Note: If you are using mac M1 or later, please replace the "FROM deltaio/delta-docker:latest" in data-processing-spark/1-lab-setup/containers/spark/Dockerfile with "FROM deltaio/delta-docker:latest_arm64"
git clone https://github.com/josephmachado/efficient_data_processing_spark.git
cd efficient_data_processing_spark
# Start docker containers and create data for exercises and capstone project
# If you are using mac M1, please replace the "FROM deltaio/delta-docker:latest"

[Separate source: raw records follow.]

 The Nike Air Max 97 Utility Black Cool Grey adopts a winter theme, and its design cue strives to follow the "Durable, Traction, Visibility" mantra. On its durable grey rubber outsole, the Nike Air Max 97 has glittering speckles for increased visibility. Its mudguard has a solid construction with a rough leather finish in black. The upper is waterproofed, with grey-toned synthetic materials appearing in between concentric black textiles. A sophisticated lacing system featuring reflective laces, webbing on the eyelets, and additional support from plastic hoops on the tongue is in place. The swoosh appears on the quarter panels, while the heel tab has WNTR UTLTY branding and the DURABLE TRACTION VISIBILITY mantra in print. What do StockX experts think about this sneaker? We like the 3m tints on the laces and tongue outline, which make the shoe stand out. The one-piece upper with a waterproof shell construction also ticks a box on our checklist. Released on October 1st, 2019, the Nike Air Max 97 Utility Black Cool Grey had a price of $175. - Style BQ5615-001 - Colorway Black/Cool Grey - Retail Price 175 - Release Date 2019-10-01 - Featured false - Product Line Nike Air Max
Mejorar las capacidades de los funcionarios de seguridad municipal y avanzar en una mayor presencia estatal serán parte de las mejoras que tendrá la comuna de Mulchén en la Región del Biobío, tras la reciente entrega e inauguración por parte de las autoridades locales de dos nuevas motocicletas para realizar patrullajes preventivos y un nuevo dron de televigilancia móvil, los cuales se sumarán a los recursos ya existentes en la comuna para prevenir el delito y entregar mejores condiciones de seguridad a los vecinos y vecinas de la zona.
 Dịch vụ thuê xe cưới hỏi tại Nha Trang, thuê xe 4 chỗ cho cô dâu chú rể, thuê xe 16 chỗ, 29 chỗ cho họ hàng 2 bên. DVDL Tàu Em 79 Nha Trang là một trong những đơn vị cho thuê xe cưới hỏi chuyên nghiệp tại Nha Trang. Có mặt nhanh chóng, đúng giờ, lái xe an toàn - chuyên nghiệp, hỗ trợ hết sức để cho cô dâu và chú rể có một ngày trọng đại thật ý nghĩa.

# in data-processing-spark/1-lab-setup/containers/spark/Dockerfile
# with "FROM deltaio/delta-docker:latest_arm64"
make restart && make setup
Makefile lets you define shortcuts for commands that you might want to run, E.g., in our Makefile, we set the alias spark-sql
for the command that opens us a spark sql session.
We have some helpful make commands for working with our systems. Shown below are the make commands and their definitions
make restart
: Stops running docker containers(if any) and starts new containers for our data infra.make setup
: Generates data and loads them into tables and starts spark histroy server where we can see logs/Spark UI for already completed jobs.make spark-sql
: Open a spark sql session; Use exit to quit the cli. This is where you will type your SQL queries.make cr
: To run our pyspark code by pasting the relative path of exercise/example problems under data-processing-spark folder. See example image shown below.make rainforest
: Runs our rainforest capstone project, the entry point for this code is hereThis is how you run pyspark exercise files:
You can see the commands in this Makefile. If your terminal does not support make commands, please use the commands in the Makefile directly. All the commands in this book assume that you have the docker containers running.

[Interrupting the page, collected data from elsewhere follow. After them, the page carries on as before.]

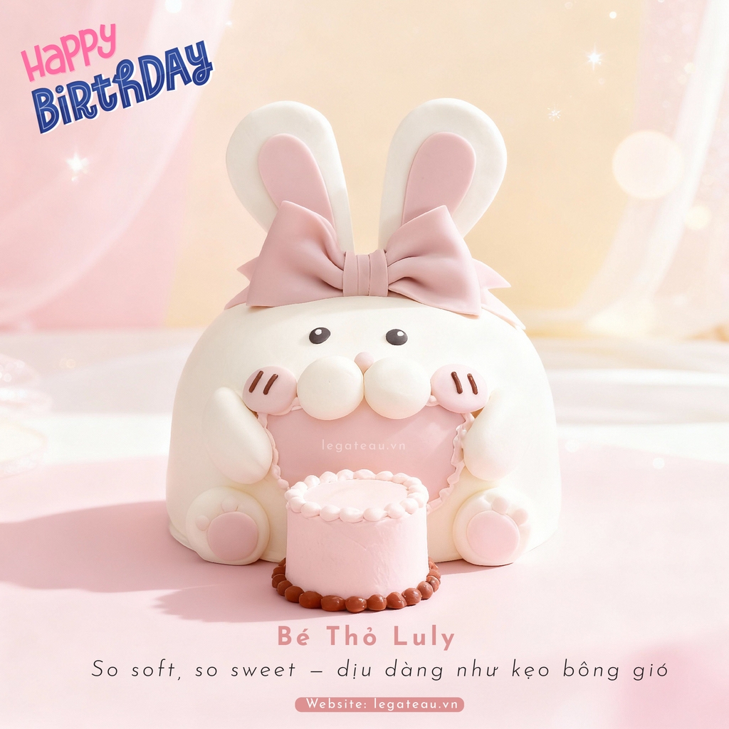 Bé thỏ trắng tròn xinh với đôi tai hồng mềm mại và chiếc nơ to trên đầu. Trong tay Luly là chiếc bánh nhỏ xinh, như đang chuẩn bị cho một buổi tiệc ngọt ngào.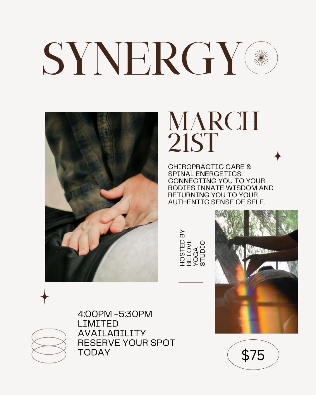Together they'll combine chiropractic care and spinal energetics. Connecting you to your bodies innate wisdom and returning you to your authentic sense of self.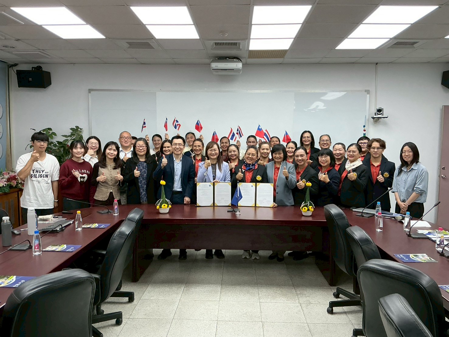 為響應國家新南向政策並深化國際學術交流,商學院於2026年3月27日與泰國坤敬亞洲人文學院(College of Asian Scholars, CAS)科學與科技學院正式簽署學術合作備忘錄(MOU)。雙方將於師生交換、跨國研究、產學實習及人才培育等面向展開合作,攜手培育具國際競爭力的數位管理人才。

You can test and run the capstone project as:
make pytest # to run all test cases
make ci # to run linting, formatting, and type checks
make rainforest # to run our ETL and create the final reports
Use the following command to start a jupyter server:
make notebook
You will see a link displayed with the format http://127.0.0.1:3000/?token=your-token, click it to open the jupyter notebook on your browser. You can use local jupyter notebook sample to get started.
You can stop the jupyter server with ctrl + c.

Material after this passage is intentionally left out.